La “ veillée funèbre ” du Printemps a réuni une centaine de salariés et clients du magasin hier soir lorsque ses portes se sont fermées. Définitivement.

Le rideau de fer du Printemps vient de tomber. Les messages de soutien y affluent déjà.

 Le rideau de fer du Printemps vient de tomber. Les messages de soutien y affluent déjà. – (Photo Marie-Catherine Bernard)

Cette fois, c’est bien fini. Ce samedi soir, il n’est pas encore 19 heures lorsque les salariés, majoritairement des femmes, mais aussi les derniers clients du Printemps, sortent du magasin. On allume des bougies, des regards sont déjà embués. Sous la lumière des caméras, la foule s’épaissit peu à peu jusqu’à compter entre 100 et 150 personnes. Les salariés, bien sûr, des clients solidaires, mais aussi des retraités du Printemps venus soutenir leurs anciens collègues. Le maire, Alain Claeys, s’avance à son tour : « C’est mon devoir de maire d’être là ce soir. La mairie accompagne les salariés dans le cadre de la convention de revitalisation pour que leurs droits soient respectés… »
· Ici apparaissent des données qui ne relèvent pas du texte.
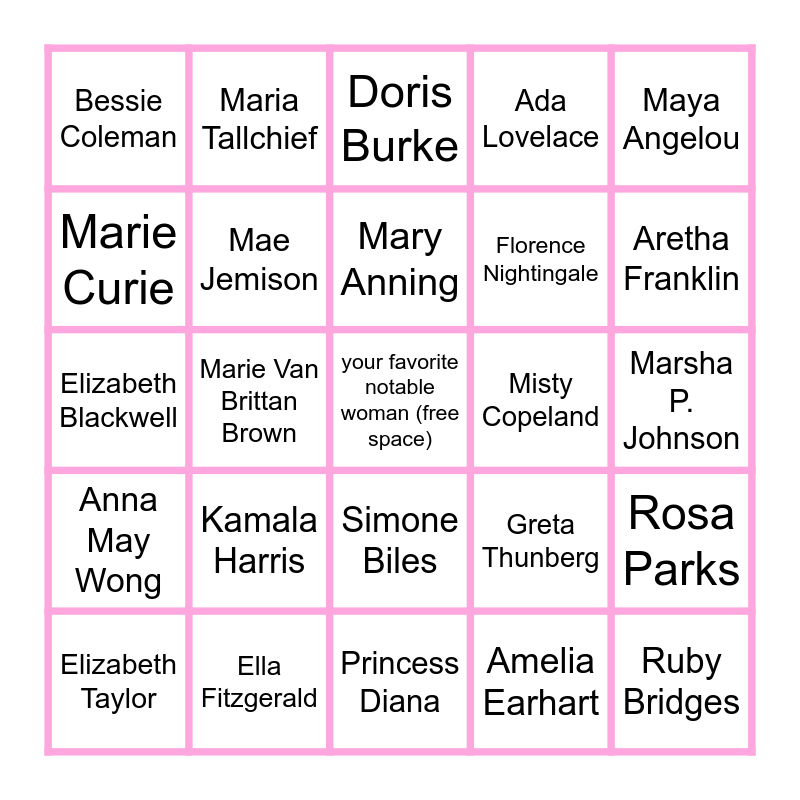 This bingo card has a free space and 48 words: Clara Barton, Ruby Bridges, Sally Ride, Princess Diana, Kamala Harris, Elizabeth Fry, Maria Tallchief, Malala Yousafzai, Marie Curie, Rosalind Franklin, Mae Jemison, Ada Lovelace, Rosa Parks, Greta Thunberg, Frida Kahlo, Tammy Baldwin, Mary Anning, Misty Copeland, Nellie Bly, Maya Angelou, Marie Van Brittan Brown, Amelia Earhart, Bessie Coleman, Florence Nightingale, Sandra Day O'Connor, Aretha Franklin, Elizabeth Taylor, Serena Williams, Simone Biles, Anna May Wong, Susan B. Anthony, Sojourner Truth, Eleanor Roosevelt, Hedy Lamarr, Ella Fitzgerald, Rita Moreno, Angela Davis, Marsha P. Johnson, Gloria Steinem, Michelle Kwan, Maria Beasley, Kathrine Virginia Switzer, Doris Burke, Jeannette Rankin, Elizabeth Blackwell, Laura Bassi, Ida B. Wells and Arabella Mansfield.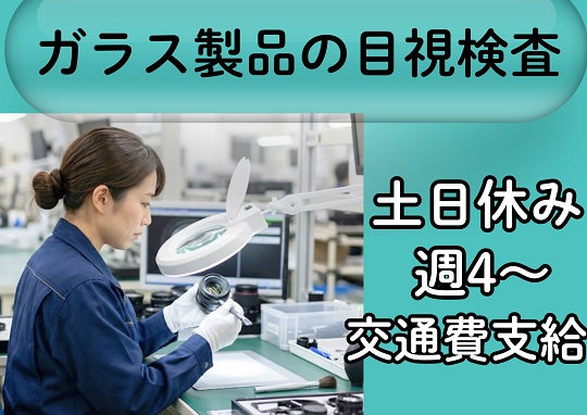 NEW【高時給1600円+交通費◆ガラス製品の傷や汚れがないかのチェック業務】土日休み!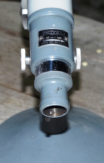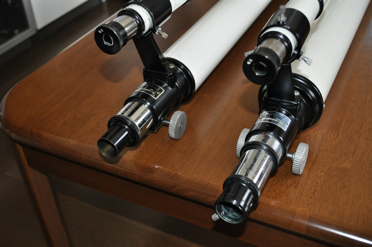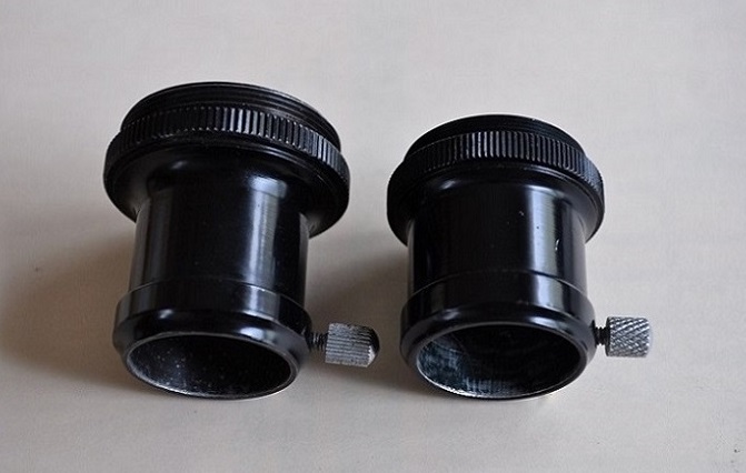 もう一つの画像は、アストロの接眼部です。締め付けネジのローレット加工の模様が、違うんですよ。左は取付部が一般的な36.4ネジのもので、シングルドロチューブに付いている物。右は、二段ドロチューブのもので、ミザールのH-100と同じ30.5ミリネジ(?)です。

  «  On aurait pu fêter les 50 ans en 2015…  »

Un peu plus tard, des voix discordantes vont se faire entendre, agressant verbalement Alain Claeys : « Vous êtes le fossoyeur du commerce du centre-ville ! » lance un homme. Quelques personnes applaudissent, d’autres se scandalisent. « Ce n’est pas l’endroit pour ça, on est là pour le Printemps ! » Entourée de ses collègues, la secrétaire du comité d’entreprise, Chantal Choisy, prend la parole : « Le couperet est tombé le 17 mai, nous l’avons tous très mal vécu. Le Printemps a apporté une vie commerciale intense au centre-ville depuis 1965. Nous aurions pu fêter les 50 ans en 2015… » Elle dénonce la stratégie du groupe Borletti : « Depuis le rachat, tout est décidé par Paris, on a favorisé les grands magasins et laissé tomber les petits. Lorsque j’avais fait part début 2010 de mes inquiétudes au P-DG Paolo de Cesare, il m’avait répondu : «  Ayez confiance en l’avenir  »… » Chantal Choisy se tait. En pleurs, elle n’arrive plus à lire sa feuille.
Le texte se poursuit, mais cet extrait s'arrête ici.